For small solar system objects (e.g., asteroids, comets, KBOs), the Standard Target Name field (case-insensitive) follows several naming conventions, which are listed below. For objects with multiple designations, it is recommended that users query all possible designations with wildcard characters using both the Target Name and Standard Target Name conditions.
- Named small bodies: <number> <name> (NOTE: Beginning in Cycle 2, the number is no longer included in the Standard Target Name for named asteroids. The use of wildcard characters is recommended (e.g., "*didymos*")
- Numbered small bodies: <number> (<provisional designation>) For provisional designations, a space is placed between the year and the first letter (e.g., "459865 (2013 XZ8)")
- Unnumbered small bodies: (<provisional designation>)
- Named comets: <comet name> (e.g., "Schwassman-Wachmann 1")
- Unnamed comets: <discoverer> (<provisional designation>) (e.g., "PANSTARRS (C/2014 OG392)")
Because of the limitations noted above, matching observations by Target Name alone may produce misleading results (false positives and false negatives), so it should not be the sole criterion for duplication checking. Entering coordinate pairs is the best approach to searching for matching fixed targets.
Targets with high proper motion
The fields containing the computed RA and Dec correspond to the celestial coordinates in ICRS (J2000) for fixed targets, or to the coordinates at the specified EPOCH if the proper motion is non-zero. But there are caveats to keep in mind:
- The computed coordinates for sources with significant proper motion will not (by construction) be the same as the ICRS coordinates of a resolved source name, nor of the coordinates of your future observation.
- The Region Shape field, which contains coordinate pairs that define the observation aperture, must be used with care. The region shapes correspond to the epoch of past observations, not the epoch of your future observation. Keep this in mind when deciding if there is spatial overlap.

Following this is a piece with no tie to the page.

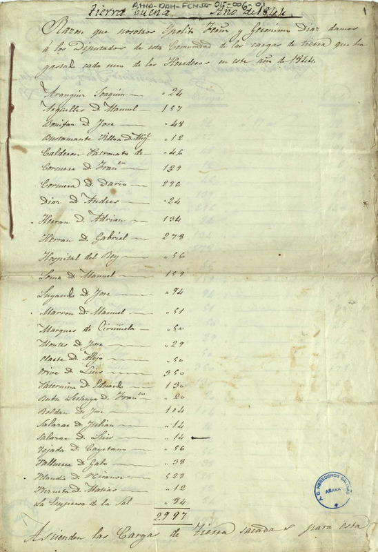 Cuenta de la saca de tierra buena que los miembros de la Comunidad de Herederos de las salinas de Añana habían utilizado para sus granjas durante el año 1844, certificada por Hipólito Fernández y Jerónimo Díaz de Tuesta

- If you conduct a search with the MAST Portal to visualize the footprints (i.e., region shapes), be aware that the background survey, on which the footprints are superimposed, correspond roughly to the mean epoch of the sky survey: DSS (roughly 1990) and Pan-STARRS (roughly 2012.5).
Exposure duration
The JWST Duplicate Observations tools does not compute a total exposure duration. This is normally computed by the CAL pipeline, which knows the distinctions between, e.g., dithered vs. tiled images, dithered and nodded spectra, etc.